Again, if we head to the metadata tab, we can see all the observation and feature sets, including this new set based on the IL-1 signaling pathway. We also see our "topDGE" set which was taken from the DESeq2 differential expression analysis.

Perhaps we are interested in viewing those top downregulated differentially-expressed genes that are also in the IL-1 signaling pathway. Recall that fGSEA simply looks at how the full, ranked list of genes falls within the 62 genes in this pre-defined pathway. It doesn't mean that all 62 genes are differentially expressed or how they are affected (i.e. up- or downregulated).
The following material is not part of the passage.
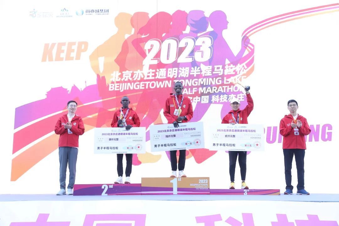 经过激烈的角逐,来自肯尼亚的SAMUEL KALALEI和NAOMIKAKOKOLIMAMUREI分别凭借1小时5分51秒和1小时15分54秒的成绩获得2023北京亦庄通明湖半程马拉松男子组和女子组冠军。
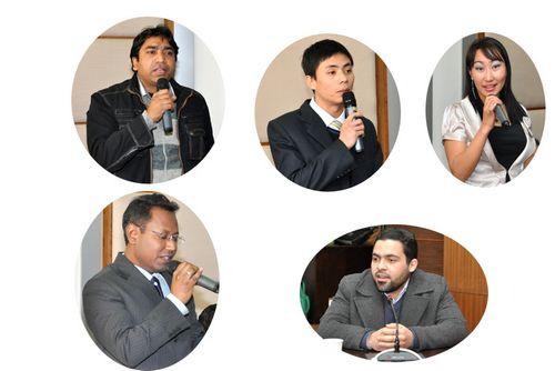 研究生院、教务处、相关学院、导师代表和外国留学生代表分别发言。外国留学生们纷纷表达了学习汉语的热忱,希望能成为中国通,并感谢学校及学院老师的关心和支持。与会各部门负责人及导师均表示将尽力做好外国留学生工作,帮助外国留学生在学习上取得更大的进步,在生活上给予更多的照顾。

We can find out this intersection by selecting the two gene sets and performing a feature intersection by clicking on the button to "Create set from intersection". This ends up creating a new set of three genes. Thus, out of the 62 genes in the IL-1 signaling pathway, only three are strongly downregulated comparing CD4 versus .

Boxplot of expressions

As a final step in our analysis, let's look at the expression of those three significantly downregulated genes in the IL-1 pathway. Go to the "Plotting" tab again and this time choose "expression boxplot". Again, we select the normalized expressions, but this time we choose to display the three genes in our "intersection set". We arrive at the boxplot shown below.

Again, if you hover over the individual points, we can see sample_F with gene expressions that more closely align with CD4 cell expression. Indeed, if you choose "setA" and "setB" to segregate the expressions, we see an improvement with no "outliers". If it weren't obvious before, we have definitively shown that sample_F was incorrectly annotated (see the final screenshot).